No, jk you have potential. Front profile is shit though


----------



## Deleted member 656 (Jan 15, 2019)

You're a long way from over. This would be over:


----------



## SeiGun (Jan 15, 2019)

itsoverbuddyboyo said:


> I need under eye fillers for sure, my under eye hollowing is completely subhuman. I have too much upper lid exposure, too. Addition to that, I'll need a hair transplant in hopes of ever ascending. Am I hopeless? My gonial angle is also questionable tbh. How much money could I possibly be looking at to spend?



if you think you are subhuman, you never seen subhuman


----------



## Coping (Jan 15, 2019)

Far from over, you look good in third pic profile is average as well, hair transplant or hairline lowering would be the most important, then maybe zygomatic-orbital combined implant to help under eye and cheekbones


----------



## itsoverbuddyboyo (Jan 15, 2019)

CupOfCoffee said:


> "Ew a creep tried talking to me today"
> 
> No, jk you have potential. Front profile is shit though


You're right. It's awful.


----------



## Deleted member 443 (Jan 15, 2019)

no fuck off


----------



## Kenma (Jan 15, 2019)

itsoverbuddyboyo said:


> I need under eye fillers for sure, my under eye hollowing is completely subhuman. I have too much upper lid exposure, too. Addition to that, I'll need a hair transplant in hopes of ever ascending. Am I hopeless? My gonial angle is also questionable tbh. How much money could I possibly be looking at to spend?

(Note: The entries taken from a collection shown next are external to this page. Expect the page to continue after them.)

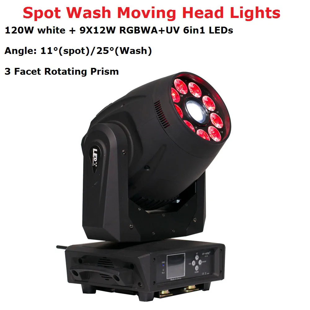 1Pcs/Lot Stage Dj Disco Nightclub Bar Lights High Quality 9X12W RGBWA-UV 6IN1 LEDS + 120W LED Gobo
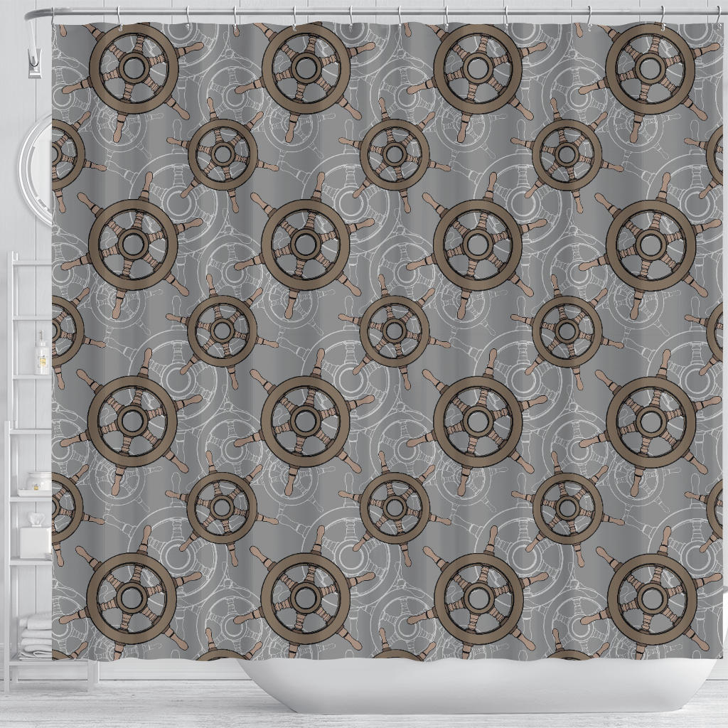 Nautical Wood Steering Wheel Pattern Shower Curtain Fulfilled In US
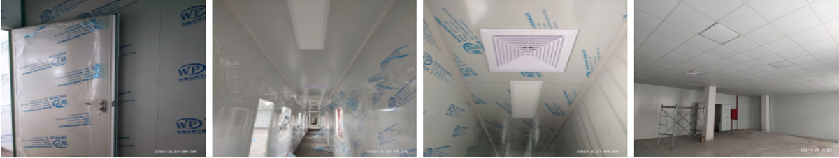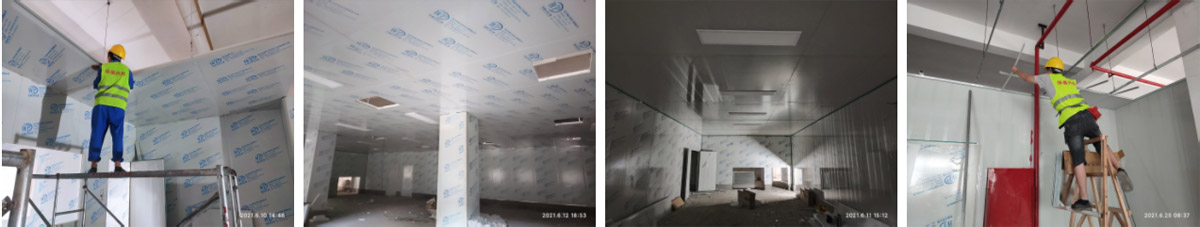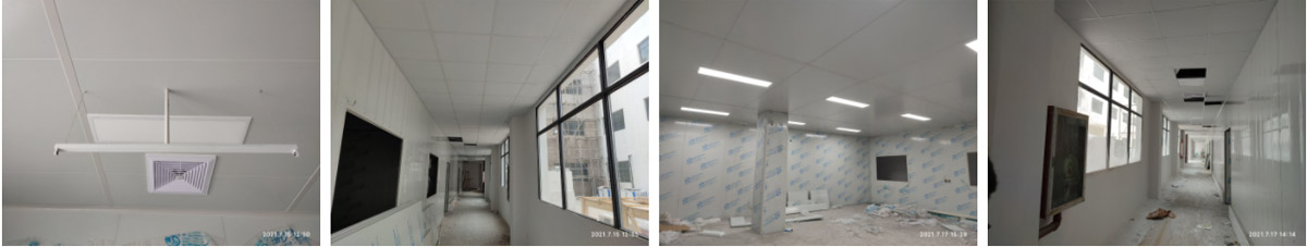2021-6-21 铜仁追花族科技有限公司厂房施工现场: 1.顶板撕膜打胶完成35% 2.彩钢板区域换气扇安装完成70% 3.门锁安装完成70%
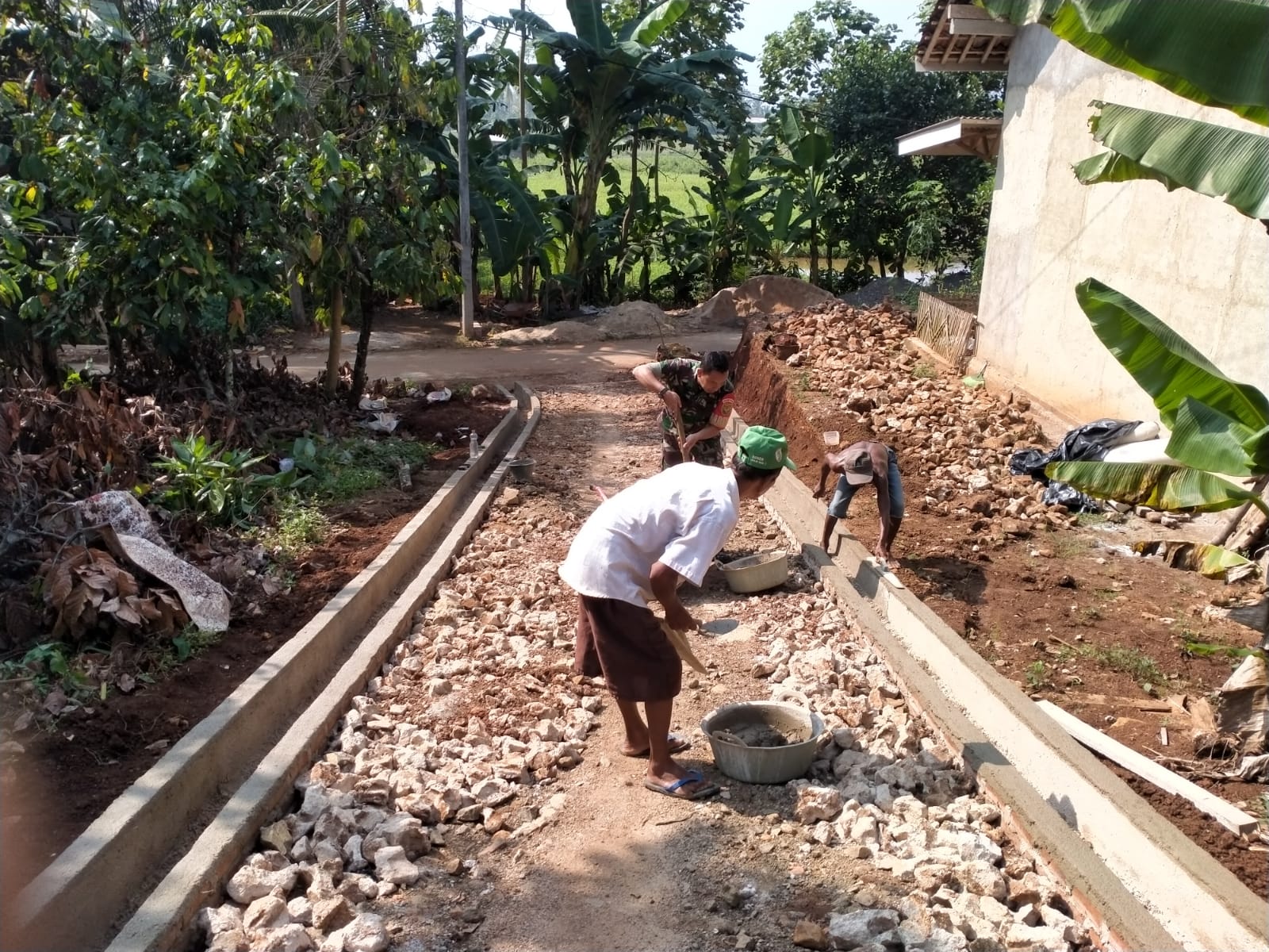 Babinsa Koramil 424-10/Pardasuka Serda Saifudin melaksanakan gotong-royong pembangunan jalan di Pekon Wargomulyo, Kec. Pardasuka, Kab. Pringsewu, Rabu (26-06-2024).

How can it be over for you when you never had a beginning? 





jk


----------



## itsoverbuddyboyo (Jan 16, 2019)

notafed said:


> no fuck off


why hostility?


----------



## androidcel (Jan 16, 2019)

3.5-4psl imo.


----------



## Autist (Jan 16, 2019)

Normie


----------



## Nibba (Jan 16, 2019)

Alarico8 said:


> You're a long way from over. This would be over:
> 
> View attachment 13341


----------



## Sub5virgin (Jan 16, 2019)

5.5-6 psl 

You look more approachable and higher class with the clean shaven look. However, the beard helps with cover up game for your steep mandibular angle. I think you need to meet somewhere in the middle. Try trimming the beard down to long stubble and see how that looks.


----------



## itsoverbuddyboyo (Jan 16, 2019)

Alarico8 said:


> You're a long way from over. This would be over:
> 
> View attachment 13341


is that you?


----------



## GoonCel (Jan 16, 2019)




----------



## RichardSpencel (Jan 16, 2019)

You look like cassidy cambell in the first pic.


----------



## StudyHacks (Jan 16, 2019)

Alarico8 said:


> You're a long way from over. This would be over:
> 
> View attachment 13341


I proposed to Arcbrah yesterday. He dropped the soap. Guess that's a yes.


----------



## HorseFace (Jan 16, 2019)

Alarico8 said:


> You're a long way from over. This would be over:
> 
> View attachment 13341



Isn't over for him tho, he gets girls. He has flaws but he is preety decent looking never the less.


----------



## StudyHacks (Jan 16, 2019)

HorseFace said:


> Isn't over for him tho, he gets girls. He has flaws but he is preety decent looking never the less.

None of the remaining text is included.